Разум, посредством которого человек различает добро и зло, понимает и высказывает суждения, является природным достоянием, и он не мог угаснуть совершенно. Однако он отчасти ослаблен, отчасти извращён, причём настолько, что представляет собой лишь уродливые развалины. Именно в этом смысле говорит св. Иоанн: «свет во тьме светит, и тьма не объяла его» (Ин 1:5). В этих словах ясно выражены два непреложных факта. В природе человека, какой бы извращённой и испорченной она ни была, ещё светятся искры, обнаруживающие, что человек — мыслящее животное, что он отличается от зверей, так как наделён разумом. При этом, однако, этот свет охвачен столь плотной тьмою неведения, что не в состоянии вырваться из неё. Подобно этому и воля, поскольку она неотделима от природы человека, не угасла совсем, но попала в рабство злым вожделениям, которые душат её, так что у неё нет сил стремиться к добру. Это достаточно исчерпывающее определение, но всё же его стоит пояснить. Поэтому, чтобы последовательность наших рассуждений соответствовала ранее проведённому разделению человеческой души на разум и волюа, нам следует прежде всего рассмотреть, какая сила заключена в разуме.

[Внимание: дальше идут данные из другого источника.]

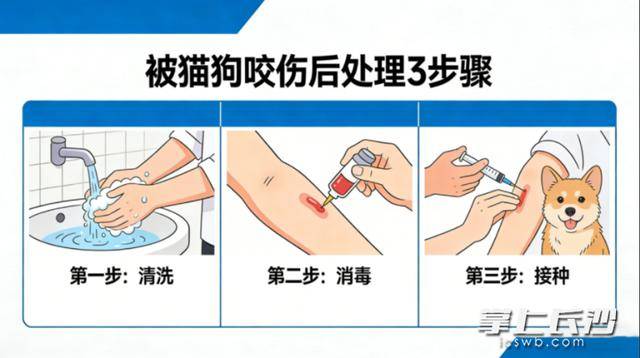 若不慎被宠物咬伤、抓伤,彭友华提醒,牢记“一洗、二消、三免疫”的黄金处理原则,及时处理才能最大程度降低感染风险、减少留疤的可能。

Сказать, что он настолько ослеплён, что у него не осталось никакого знания о мире, значило бы противоречить не только Слову Божьему, но и всему опыту людей. Мы наблюдаем, что в человеческом духе живёт стремление к истине, к которой он не был бы склонен, если бы не вкусил её в самом начале. В человеческом духе есть искра света, благодаря которой в нём обитает естественная любовь к истине, отсутствие которой у животных свидетельствует, что в них нет ни малейшего намёка на разум. Однако это относится к разуму как таковому, к его состоянию до того момента, как, предавшись суете, он сбивается с пути. Ибо разум человеческий по своему невежеству не в состоянии твёрдо держаться верного пути к истине, но уклоняется от него в разные стороны и, как слепец, продвигающийся ощупью в темноте, то и дело спотыкается, пока не заблудится окончательно. В процессе поиска истины наш разум обнаруживает, как плохо он к нему приспособлен. Другой его крупный недостаток состоит в том, что чаще всего он не различает, к чему приложить свои силы. Он мучается идиотским любопытством в исследовании ненужных и не имеющих никакой ценности вещей. А что до вещей необходимых, то он их либо вовсе не замечает, либо вместо того, чтобы внимательно рассмотреть, лишь мимоходом бросает на них взгляд. Определённо, почти никогда не случается, чтобы он с усердием работал над серьезными предметами. Подобная извращённость по душе языческим писателям, однако очевидно, что они сами запутались в ней. Поэтому Соломон в своём Экклезиасте, рассказав о вещах, от которых люди получают наслаждение и при этом считают себя мудрыми, кончает тем, что объявляет их легкомысленными и пустыми.

а Кн. I, гл. XV, 7.

13, Тем не менее, если человеческий разум прилагает усилия к исследованию, его труд не совсем напрасен и он может добиться некоторых полезных результатов, в особенности когда он обращается к предметам низшего порядка29. У него даже хватает сил прикоснуться к предметам возвышенным, хотя он и не слишком усердствует в их поиске. Но способность нашего разума в том и в другом случае совершенно различна. Когда он желает возвыситься над земною жизнью, то собственная немощь — первое, в чём он убеждается. Поэтому, чтобы понять, какого уровня может достичь разум в той и другой сфере, нам следует помнить о следующем различии: знание (intelligence) о земном совершенно иное, нежели знание о небесном. Земными я называю предметы, которые не имеют отношения к Богу и его Царству, к истинной праведности и будущему бессмертию, но связаны с данной земной жизнью и почти целиком заключены в её пределах. Небесными предметами я называю чистое познание Бога, правила и смысл истинной праведности и тайны Царства Божьего. К первому роду знания относятся политические учения, ведение хозяйства, механика, философия и другие искусства, именуемые свободными. Второй род знания — это знание Бога и его воли, а также способов приведения нашей жизни в согласие с этой волей.